7.18.2015

Food Issues Book Club - A Talent for Necessity from Bringing It to the Table

Hello all!  Welcome to the NOiG Food Issues Book Club, wherein I read books about food stuff, summarize each book by chapter, and then attempt to apply that book chapter's ideas to the New Orleans food environment and/or my own experiences.  Fun right?!  Check out previous installations here.  I'd love it if you'd read along and join in!  And now, without further ado...

Bringing It to the Table: A Talent for Necessity, 1980

Summary:

This chapter focuses on Henry Besuden, a top breeder of Southdown sheep.  He managed to raise his animals on land that had been "corned to death."  "[H]is predicament became his education and, finally, his triumph."  He used a plow to even out deep gullies into "saucers" that allowed runoff to gently pool rather than cause erosion.  He chose grasses carefully, and even put weeds to strategic use.  After 23 years, the land was still not fully healed.

Despite his extraordinary flock, his priority was always the farm and not the show ring.  "He never forgot that the purpose of a sheep is to produce a living for the farmer and to put meat on the table."  Besuden feared that sheep, which he referred to as "land builders," would be removed from live stock programs after World War II.  "He had seen the handwriting on the wall: the new emphasis on row cropping and "production" which in the years after WWII would radically alter the balance of crops and animals on farms, and which, as he feared, would help to destroy the sheep business in his own state."  This fear did, in fact, come to fruition.

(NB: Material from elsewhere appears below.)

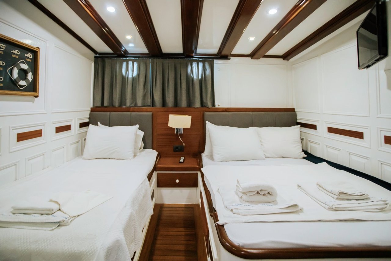 Each cabin features ensuite bathrooms, individual climate control, and refined interior styling, blending traditional wooden elements with modern elegance. Guests can expect a peaceful and private haven, perfect for relaxing after a day of sailing or exploring picturesque ports.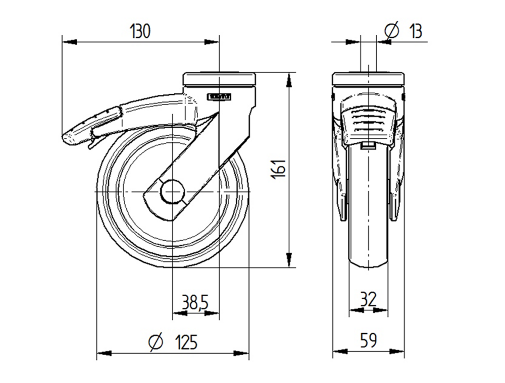 The Levina swivel castor with directional lock features a bolt hole fitting and a housing made of polyamide. It has two ball races for the swivel bearing that allows the wheel to rotate 360 degrees. The wheel body is made of polypropylene with a solid rubber non-marking tread. The wheel uses a plain bearing and has a diameter of 125 mm. The overall height of the castor is 161 mm. At a speed of 3 km/h, the Levina castor has a load capacity of 80 kg. Under static load conditions, it can support up to 160 kg.

This essay, then, serves as another exploration of the types of farming practices espoused by Berry.  (Unsurprisingly, he again supports the idea of animals as commodity - despite acknowledging their suffering elsewhere.)  Besuden strove for "a way of farming compatible with nature," much as Berry does.  Per Berry, Besuden was "convinced that paying attention pays," setting him apart from industrial farmers who pay attention only to profits.